The Stone Roses captured in 1989.

Indeed, in Mani’s opinion, when the Stone Roses stumbled artistically it was because they were insufficiently groovy. Fools Gold’s underwhelming follow-up One Love was underwhelming, he suggested, because it “needed more groove, it’s a little bit rigid”. He was a staunch supporter of their frequently criticized second album, Second Coming but believed its weaknesses might have been fixed by removing some of the overdubs of hard rock-influenced guitar and “reverting to the rhythm”.

He may well have had a point. Second Coming’s scattering of highlights usually occur during the moments when Mounfield was truly given free rein – Daybreak, Love Spreads, the excellent Begging You – while on its increasingly sluggish songs, you can hear him figuratively willing the band to increase the tempo. His playing on Tightrope is totally contrary to the listlessness of all other elements that’s happening on the track, while on Straight to the Man he’s clearly trying to add a bit of pep into what’s otherwise some unremarkable folk-rock – not a genre anyone would guess anyone was in a hurry to hear the Stone Roses give a try.

His attempts were in vain: Wren and Squire departed the band following Second Coming’s release, and the Stone Roses imploded completely after a catastrophic headlining performance at the 1996 Reading festival. But Mani’s subsequent role with Primal Scream had an remarkably energising impact on a band in a slump after the cool reception to 1994’s rock-y Give Out But Don’t Give Up. His tone became more echo-laden, heavier and more distorted, but the swing that had given the Stone Roses a unique edge was still present – especially on the laid-back funk of the 1997 single Kowalski – as was his skill to bring his playing to the fore. His popping, mesmerising low-end pattern is certainly the star turn on the brilliant 1999 single Swastika Eyes; his playing on Kill All Hippies – similar to Swastika Eyes, a standout of Xtrmntr, undoubtedly the finest album Primal Scream had produced since Screamadelica – is superb.
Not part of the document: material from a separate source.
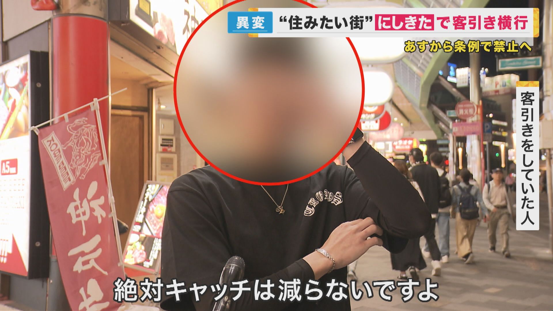 【客引きしていた人】「稼げるっすよ。(1カ月で)4、5、60(万)とか人によるけど。(Q.禁止区域の認識は?)悪質じゃなければ(OK)みたいな感じ。絶対キャッチは減らないですよ」

Consistently an affable, sociable presence – the writer John Robb once observed that the Stone Roses’ aloofness towards the press was invariably broken if Mani “became more relaxed” – he took the stage at the Stone Roses’ 2012 comeback concert at Manchester’s Heaton Park playing a personalised bass that displayed the inscription “Super-Yob”, the nickname of Slade’s outrageously styled and constantly smiling axeman Dave Hill. Said reformation failed to translate into anything more than a lengthy succession of extremely lucrative concerts – a couple of new singles released by the reformed four-piece served only to prove that whatever magic had been present in 1989 had turned out unattainable to recapture 18 years on – and Mani discreetly announced his departure from music in 2021. He’d earned his fortune and was now more concerned with fly-fishing, which furthermore provided “a good excuse to go to the pub”.

Perhaps he felt he’d done enough: he’d definitely left a mark. The Stone Roses were seminal in a variety of ways. Oasis certainly took note of their swaggering attitude, while Britpop as a movement was shaped by a aim to transcend the usual commercial constraints of indie rock and attract a more general public, as the Roses had done. But their most obvious direct influence was a kind of groove-based change: in the wake of their initial success, you abruptly couldn’t move for indie bands who wanted to make their fans move. That was Mani’s musical raison d’être. “It’s what the rhythm section are for, aren’t they?” he once averred. “That’s what they’re for.”

Teresa Schultz
Teresa Schultz

Seasoned gaming expert with a passion for reviewing online casinos and sharing winning strategies.